Ниже заданы константы ширины окна контекста и проведена предобработка для построения skip-gram модели.

In [9]:
min_count = 5
window_radius = 5

In [10]:
vocabulary_with_counter = Counter(chain.from_iterable(data_tok))
word_count_dict = dict()
for word, counter in vocabulary_with_counter.items():
    if counter >= min_count:
        word_count_dict[word] = counter

vocabulary = set(word_count_dict.keys())
del vocabulary_with_counter

In [11]:
word_to_index = {word: index for index, word in enumerate(vocabulary)}
index_to_word = {index: word for word, index in word_to_index.items()}

Пары `(слово, контекст)` на основе доступного датасета сгенерированы ниже.

In [12]:
# List of indeces of context word pairs
context_pairs = []

for text in data_tok:
    for i, central_word in enumerate(text):
        context_indices = range(
            max(0, i - window_radius), min(i + window_radius, len(text))
        )
        for j in context_indices:
            if j == i:
                continue
            context_word = text[j]
            if central_word in vocabulary and context_word in vocabulary:
                context_pairs.append(
                    (word_to_index[central_word], word_to_index[context_word])
                )

print(f"Generated {len(context_pairs)} pairs of target and context words.")
print(f"{context_pairs[:10]=}")

Generated 40220313 pairs of target and context words.
context_pairs[:10]=[(22347, 16517), (22347, 1995), (22347, 9791), (22347, 24510), (16517, 22347), (16517, 1995), (16517, 9791), (16517, 24510), (16517, 9001), (1995, 22347)]


In [13]:
print(context_pairs[:10])

[(22347, 16517), (22347, 1995), (22347, 9791), (22347, 24510), (16517, 22347), (16517, 1995), (16517, 9791), (16517, 24510), (16517, 9001), (1995, 22347)]

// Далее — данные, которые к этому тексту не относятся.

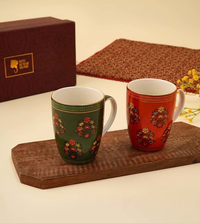 Bloom Green Porcelain Coffee Mugs Set of 2

#### Подзадача №1: subsampling
Для того, чтобы сгладить разницу в частоте встречаемсости слов, необходимо реализовать механизм subsampling'а.
Для этого вам необходимо реализовать функцию ниже.

Вероятность **исключить** слово из обучения (на фиксированном шаге) вычисляется как
$$
P_\text{drop}(w_i)=1 - \sqrt{\frac{t}{f(w_i)}},
$$
где $f(w_i)$ – нормированная частота встречаемости слова, а $t$ – заданный порог (threshold).

In [14]:
from typing import Dict

def subsample_frequent_words(word_counts: Dict[str, int], t: float = 1e-5) -> Dict[str, float]:
    """
    Вычисляет вероятность оставить каждое слово на основе сабсэмплинга частых слов.

    Args:
        word_counts (Dict[str, int]): Словарь с количеством повторений слов {слово: количество}.
        t (float): Порог частоты для нормировки.

    Returns:
        Dict[str, float]: Словарь с вероятностями оставить слово {слово: вероятность}.
    """
    # Общее количество слов
    total_count = sum(word_counts.values())

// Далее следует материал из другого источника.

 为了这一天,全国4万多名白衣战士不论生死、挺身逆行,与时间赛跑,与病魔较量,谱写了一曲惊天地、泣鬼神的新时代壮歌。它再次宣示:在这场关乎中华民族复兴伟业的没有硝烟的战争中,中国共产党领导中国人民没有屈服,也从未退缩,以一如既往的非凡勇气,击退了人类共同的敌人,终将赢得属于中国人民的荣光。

    # Нормированные вероятности оставить слово
    keep_probabilities = {}
    for word, count in word_counts.items():
        # Нормированная частота слова
        freq = count / total_count
        # Вероятность оставить слово
        keep_prob = min(1.0, (t / freq) ** 0.5)
        # keep_prob = min(1, (freq/t + 1)**0.5 * t/freq)
        # keep_probabilities[word] = round(keep_prob, 3)
        keep_probabilities[word] = keep_prob

    return keep_probabilities

# Пример использования
word_counts = {'the': 5000, 'is': 1000, 'apple': 50}
print(subsample_frequent_words(word_counts))

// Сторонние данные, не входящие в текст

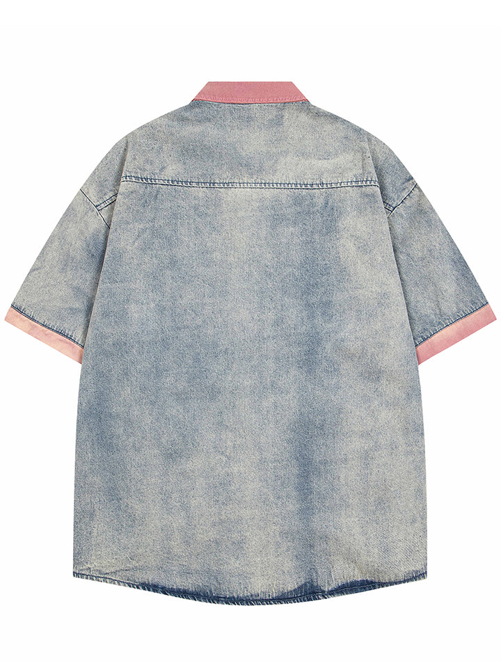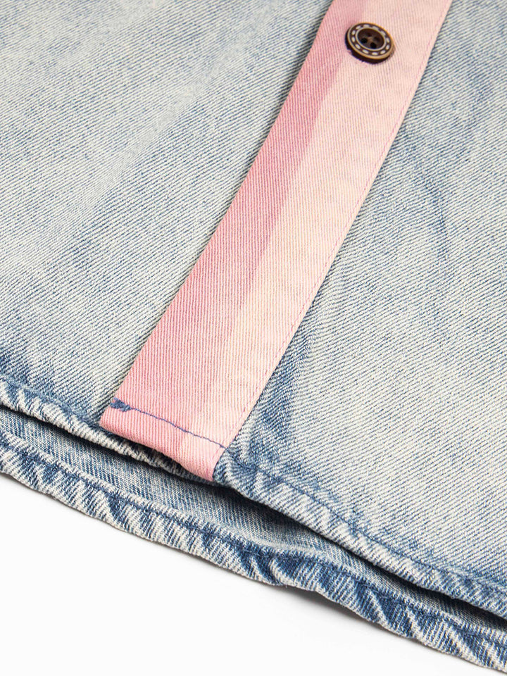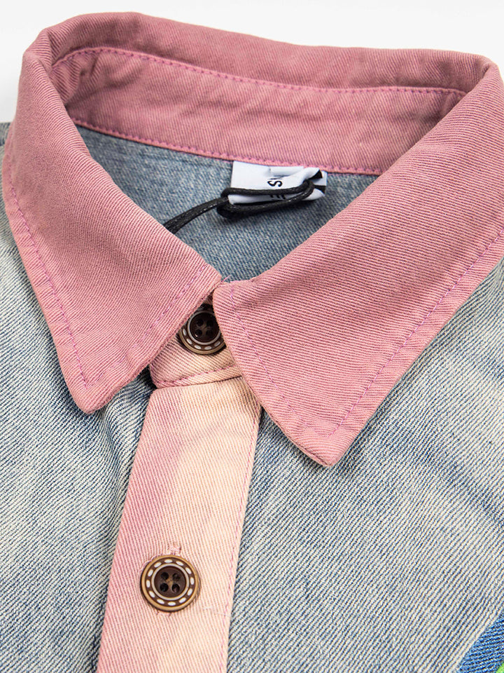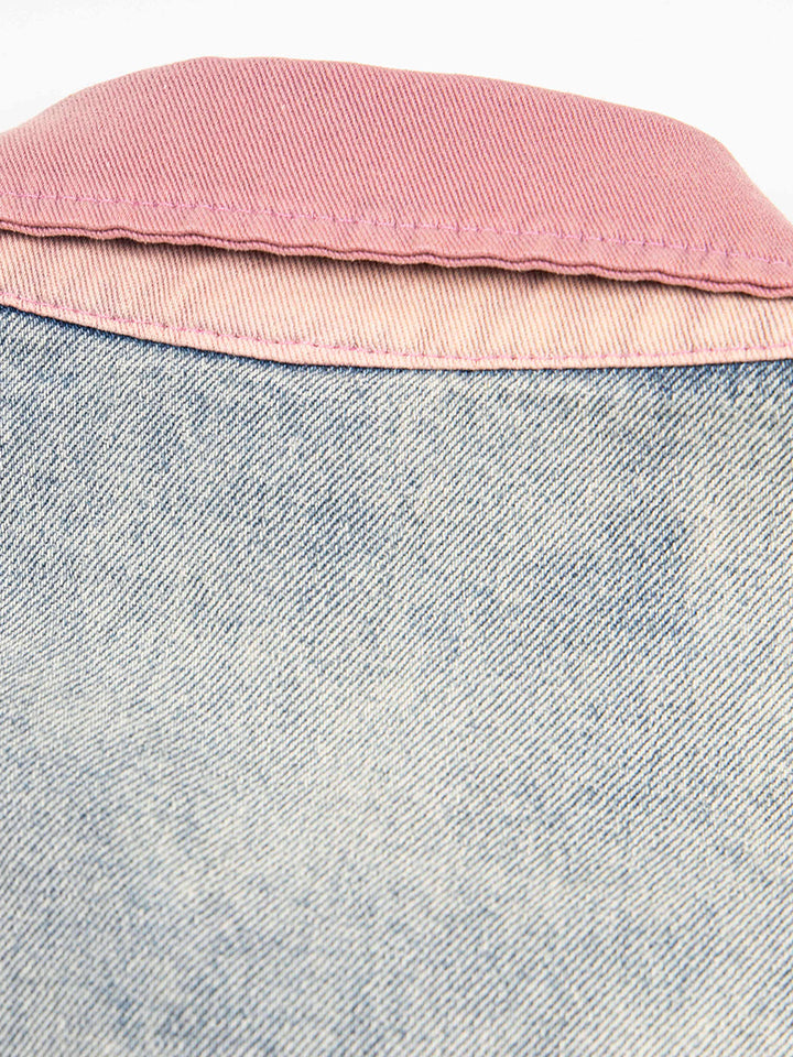 🎨 Color Block Accents – Contrasting pink collar and placket add visual interest to the classic blue denim.

{'the': 0.0034785054261852176, 'is': 0.007778174593052023, 'apple': 0.034785054261852175}


#### Подзадача №2: negative sampling
Для более эффективного обучения необходимо не только предсказывать высокие вероятности для слов из контекста, но и предсказывать низкие для слов, не встреченных в контексте. Для этого вам необходимо вычислить вероятност использовать слово в качестве negative sample, реализовав функцию ниже.

В оригинальной статье предлагается оценивать вероятность слов выступать в качестве negative sample согласно распределению $P_n(w)$
$$
P_n(w) = \frac{U(w)^{3/4}}{Z},
$$

где $U(w)$ распределение слов по частоте (или, как его еще называют, по униграммам), а $Z$ – нормировочная константа, чтобы общая мера была равна $1$.

In [15]:
def get_negative_sampling_prob(word_count_dict: Dict[str, int]):
    """
    Calculates the negative sampling probabilities for words based on their frequencies.

    This function adjusts the frequency of each word raised to the power of 0.75, which is
    commonly used in algorithms like Word2Vec to moderate the influence of very frequent words.
    It then normalizes these adjusted frequencies to ensure they sum to 1, forming a probability
    distribution used for negative sampling.

    Parameters:
    - word_count_dict (dict): A dictionary where keys are words and values are the counts of those words.

    Returns:
    - dict: A dictionary where keys are words and values are the probabilities of selecting each word
            for negative sampling.

    Example:
    >>> word_counts = {'the': 5000, 'is': 1000, 'apple': 50}
    >>> get_negative_sampling_prob(word_counts)
    {'the': 0.298, 'is': 0.160, 'apple': 0.042}
    """

    neg_sample_probs = {word: count**(3/4) for word, count in word_count_dict.items() }
    # print(f'{neg_sample_probs=}')
    Z = sum(neg_sample_probs.values())
    neg_sample_probs = {word: freq/Z for word, freq in neg_sample_probs.items()}

    return neg_sample_probs

word_counts = {'the': 5000, 'is': 1000, 'apple': 50}

print(get_negative_sampling_prob(word_counts))
print(sum(get_negative_sampling_prob(word_counts).values()))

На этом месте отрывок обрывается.